HC Deb 04 July 2002 vol 388 cc606-7W
Mr. Jim Cunningham

To ask the Secretary of State for Environment, Food and Rural Affairs what measures have been taken since the foot and mouth epidemic to ensure that if another outbreak were to occur it could be efficiently dealt with. [66647]

Mr. Morley

DEFRA has produced an interim contingency plan for foot and mouth disease in consultation with some key stakeholders and operational partners. The interim contingency plan builds on the existing plan (which is required by EC Directive 90/423) and codifies experiences and lessons learned from the recent outbreak. However, it does not seek to pre-judge the results of the official inquiries into the last outbreak. All plans will be comprehensively reviewed as a result of any recommendations made by the official inquiries.

A programme of testing through simulation exercises is planned for the future. Stakeholders at both national and local level will be invited to be involved in the programme.

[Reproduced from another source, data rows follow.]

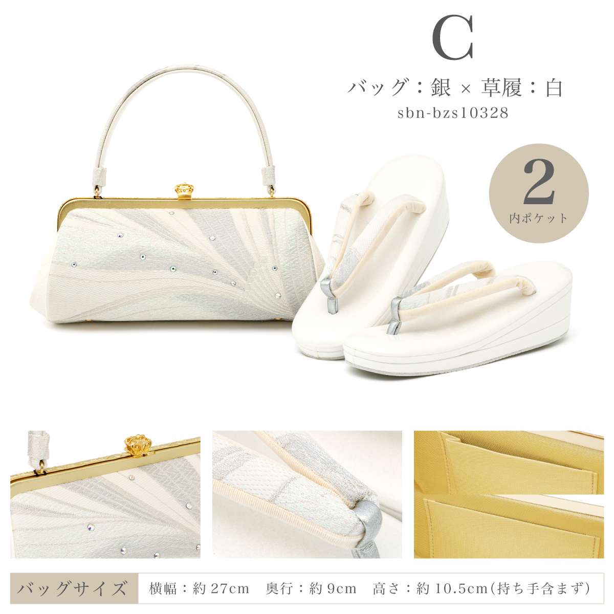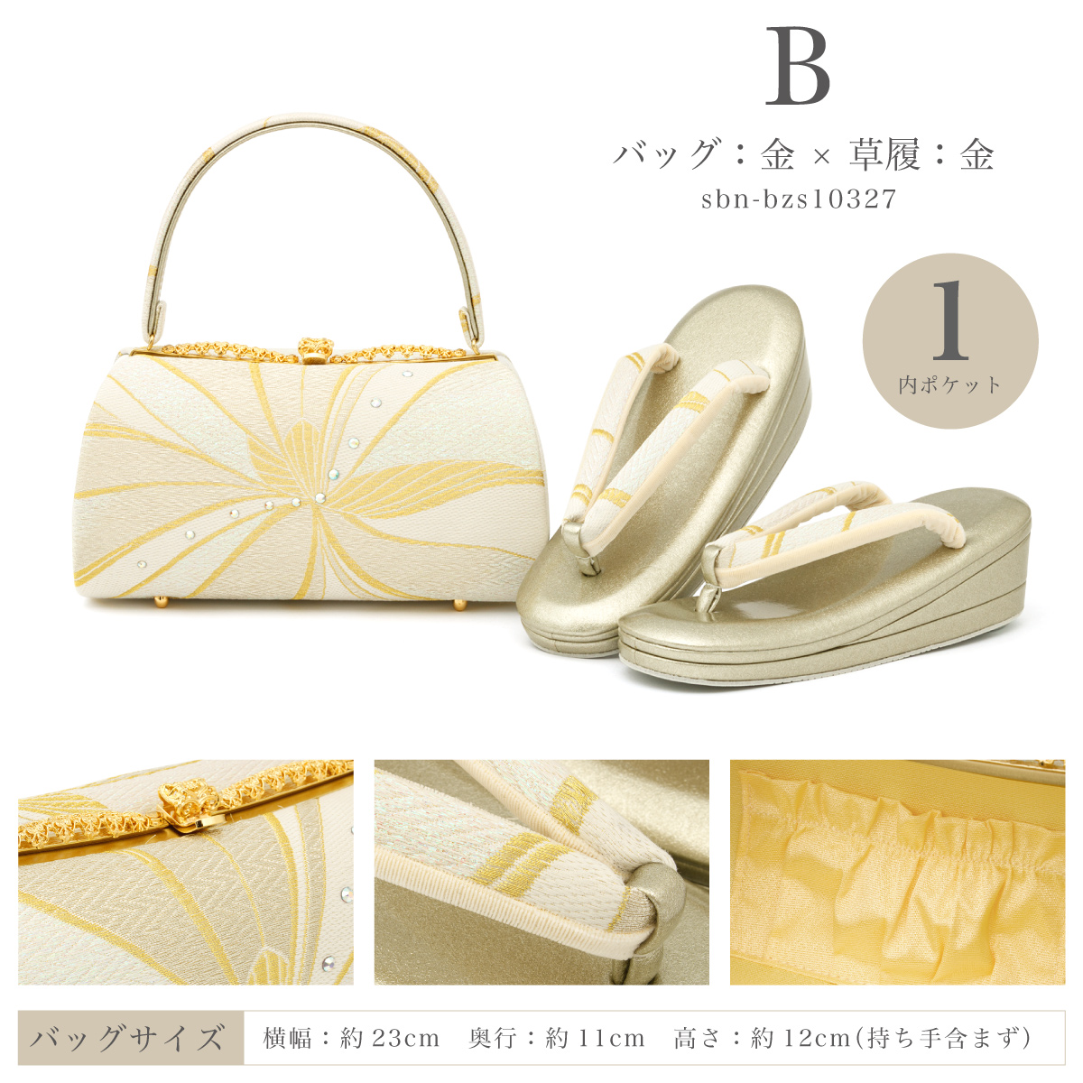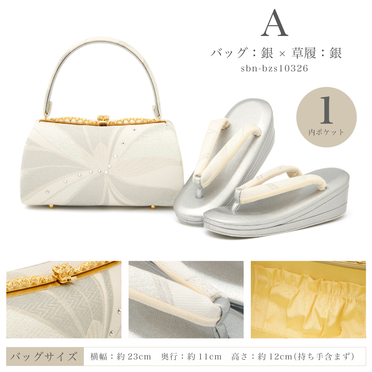 草履バッグセット レディース 成人式 卒業式 振袖 袴 金 銀 白 正絹 西陣織 ラインストーン 三枚芯 紗織 Mサイズ Lサイズ 日本製 送料無料
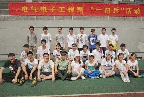 “一日兵”训练活动从早上七点半开始,全体的训练成员准时在操场集合,由电气系体育部部长列队进行热身运动后,教官集合人员并讲解今天上午相关的活动安排。一开始教官让学生们练习了站军姿、军体拳等,在休息间隙中教官还教了学生党员们一些军人们平时生活都必须练习的动作和一些防身术和军体操的示范,学员们认真学习,受益匪浅。最后,大家在红歌《军中绿花》中结束了上午的训练。通过“一日兵”的训练,同学们不仅加深了对部队的了解,而且锻炼了耐力和意志,进一步提高了党性意识。
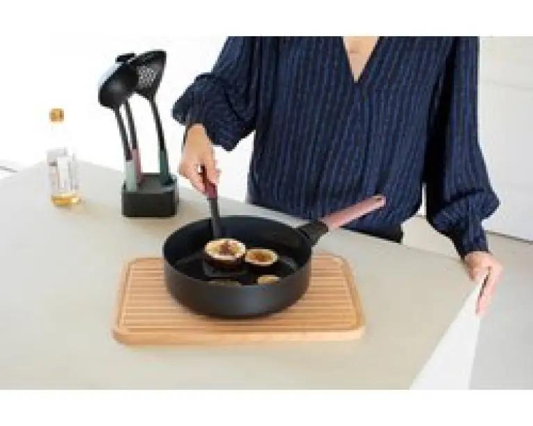 Met de Brabantia Tasty+ kookgerei set houd je je favoriete keukenhulpen altijd binnen handbereik. Deze slimme set bestaat uit een handige houder en vier multifunctionele keukenhulpjes: een soeplepel met schraper, een opscheplepel met spatel, een schuimspaan met lepel en een spatel. Zo heb je een winnend team dat koken makkelijker en leuker maakt.

A number of restrictions on animal movements remain in place as a means of helping protect against the rapid spread of any new incursion of disease, and measures have been taken to improve standards of biosecurity in livestock markets and shows. These arrangements also will be reviewed in the light of the recommendations of the official inquiries.

Mr. Martlew

To ask the Secretary of State for Environment, Food and Rural Affairs what action she is taking to implement the ICAO recommendation on the continued close environmental monitoring and inspection of foot and mouth disposal sites and the publication and reflection in her Department's contingency plans of the results. [65191]

Mr. Morley

The Department is working closely with the Environment Agency (EA) to ensure that FMD disposal sites are effectively monitored. Up until the end of March 2002, the EA managed a programme of environmental monitoring in the areas worst affected by the outbreak. DEFRA has now taken over responsibility for this interim monitoring programme and has recently issued a tender for the sampling and analysis of selected sites throughout England and Wales.

The Department also intends to commission individual site-specific risk assessments for each carcase and ash disposal site. These assessments will be made available to the EA, who will review the environmental risk and Groundwater Authorisations. Based on the results of these risk assessments, the Department will then commission a targeted monitoring programme to ensure that any potential longer-term environmental impacts are identified.

In addition to this monitoring programme, each of the mass burial sites has its own comprehensive monitoring programme with regular reporting to DEFRA and the EA. The agency also carries out audit monitoring. Watchtree has 68 monitoring boreholes, Tow Law 32, Throckmorton 28 and Widdrington six. These boreholes are at varying distances from the cells and samples are taken, in some cases at several different depths. The Environment Agency is sampling stream springs and watercourses in the vicinity of the mass burial sites. No pollution from carcase disposal has been detected to date.

The need for formal risk assessments to be undertaken prior to the burial of carcases or ash is being incorporated into departmental operational guidance.